Con la bóveda de Lucas, en fin, los personajes ya no se mueven en el mundo. Al mismo tiempo, el formidable desarrollo tecnológico determina que sea muy difícil resistir a la tentación de hacer todo lo que se puede hacer, de utilizar todos los recursos y movilizar todos los medios, olvidando que el cine, aún más que la literatura, al igual que la poesía, es sobre todo cocina; es decir, consiste más en descartar que en usar recursos: más en renunciar a imágenes (y palabras) que en acumularlas. Es este un principio general, para la conducta y para el arte: nunca uno debe hacer todo lo que puede hacer. Es bueno que se nos pongan límites, porque un mundo sin límites es un mundo sin mediaciones, sin cuerpos, sin obstáculos y, por lo tanto, sin rodeos y sin deseos. Ahora bien, esta tentación tecnológica, muy presente desde siempre en el ámbito de la destrucción y de la guerra (pensemos en las tesis de Gunther Anders sobre el “declive prometeico”, esa distancia entre lo que la tecnología puede hacer y lo que puede representarse un ser humano), esta tentación, digo, se ha apoderado de tal modo de la producción (también de la cinematográfica) que cabe decir que una parte de lo que ocurre en nuestras pantallas viene a dar la razón a Roth: tanta realidad resulta imposible, increíble; se revela finalmente irreal y además de pésimo gusto: el pésimo gusto de nuestro ello reprimido. El mundo no debería proporcionarnos jamás los medios de dar forma, y menos materialidad, a nuestras fantasías. Esa es la peor pesadilla concebible: la de que nuestras ocurrencias mentales tomen inmediatamente cuerpo en el mundo, sin filtros, sublimaciones o resistencias. La tecnología, con todas sus ventajas, se ha puesto al servicio de la fantasía, no de la imaginación, y acaba cerrando bajo una misma bóveda la fantasía y la realidad. Ese cierre constituye el fin paradójico de la ficción.
Es malo que se haya desautorizado al mismo tiempo el magisterio de tantos artistas muertos cuyo conocimiento nos ahorraría tanto trabajo
¿Es el cine una fábrica de sueños, como pretende la publicidad de Hollywood? Es, como hemos dicho, un objeto de pensamiento, un objeto pensado y un objeto que piensa.

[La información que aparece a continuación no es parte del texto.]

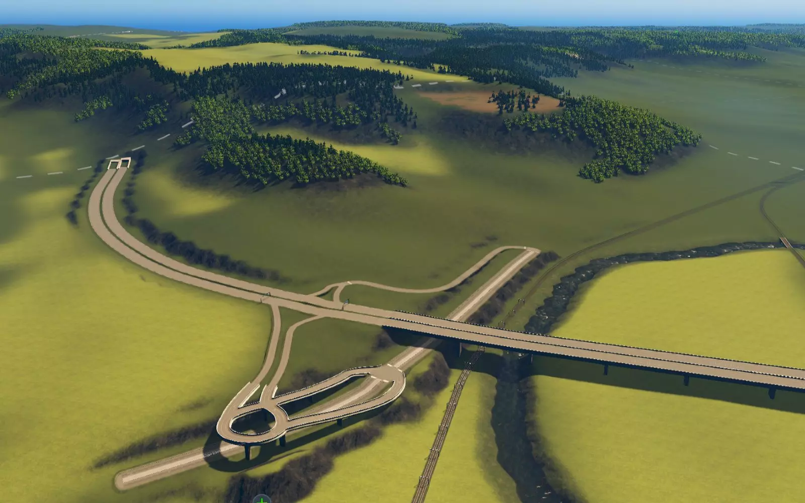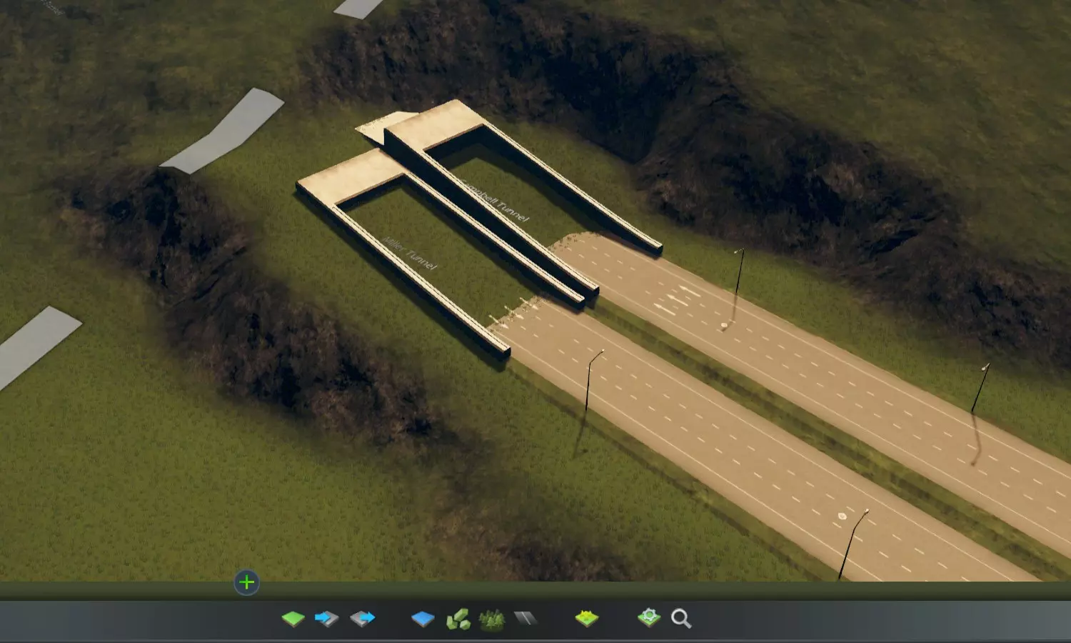 你可以在那里创建一条人造河流,由一个小型水源、几米长的“河道”以及一个用作排水的蓄水池组成(水会在那里渗透掉)。将所有这些都放置在明显低于周围地形的高度。根据你在不淹没周边区域的情况下引流出的水量,之后你可以在游戏中用这个水源为城市的一部分供水……当然,它也可能毫无用处——除了能满足地图编辑器的需求之外。 顺便说一下:目前还不能在你的河流和湖泊中生成鱼类。这不是一款钓鱼模拟器。 创建基本的道路和铁路连接 创建外部道路和铁路连接相当简单,与在游戏中建造道路和铁路没有区别。默认情况下,只有少数高速公路和国道可用。如果你想使用地图编辑器中已有的其他道路,则需要【更多路网扩展】模组。尽管在普通地图中,通常只有高速公路作为地图的出入口,但实际上你也可以用较小的道路创建外部连接,例如双车道“国道”。因此,即使你的城市区域内没有高速公路,也无需担心。 如果地图要在无模组的情况下可玩,必须至少有一条从地图边界到“起始区块”(即新游戏中玩家最初可见的区块)的道路连接。 请注意,道路在地图编辑器中显示为简化版本,在游戏中它们会看起来更美观。另请注意,默认情况下,您无法在地图编辑器中建造隧道(与立交桥不同),但【地图编辑器隧道启用器】模组可解决此问题。地图编辑器中的隧道入口外观也经过简化。

Precisamente porque es un objeto narrativo, y no un sujeto intelectivo, nos emociona, lo que se presta a toda clase de peligros que, en todo caso, debemos aceptar y defender. Pero es un objeto de ficción y sirve, entre otras cosas, como la literatura, para conservar esa diferencia, una de las conquistas fundacionales, lo hemos dicho, que nos identifican como humanos. El cine, como la literatura, existen no para remedar o repetir la realidad sino para proteger la ficción, lo más verdadero que existe. Eso implica, desde el primer momento, distancia o, lo que es lo mismo, interiorización de los códigos cinematográficos: ya nadie tiene miedo, por ejemplo, de que la locomotora y el caballo de la pantalla irrumpan catastróficamente en la sala, como ocurrió con las primeras proyecciones públicas. La pantalla es pantalla porque vela y revela, porque une y separa. La ficción es peligrosa, por supuesto, porque puede usarse para la propaganda, porque puede hacernos pensar y porque puede trastocar emocionalmente todos nuestros valores (por no hablar del peligro de convertirse en un loco cinéfilo o en un director de cine), pero mucho más peligrosa que la ficción es la incapacidad creciente para distinguir entre la ficción y la realidad: ese es, lo estamos viendo, el peligro puritano, ideológico o autoritario de los que creen, de derechas o de izquierdas, que la ficción no puede permitirse nada que no podamos permitirnos en la realidad o que no encaje en la realidad que queremos idealmente construir. Resignémonos: defender la autonomía de la ficción es la única forma posible de defender la realidad, que sólo es creíble si permite otras formas de vida a su lado. Curiosamente, en la última década hemos asistido a una inversión de los papeles: como consecuencia de la producción tecnológica de imágenes identitarias y de la erosión del espacio público, hemos acabado por desarrollar una inédita suspicacia frente a la ficción, con la que rompemos fácilmente el pacto de verosimilitud, mientras que nos entregamos con credulidad ciega a la falsa transparencia de la información, tal y como lo demuestra el fenómeno de las fake news. Nos parece más verosímil, por ejemplo, el terraplanismo o el conspiracionismo que el final gozoso e infantil de La diligencia.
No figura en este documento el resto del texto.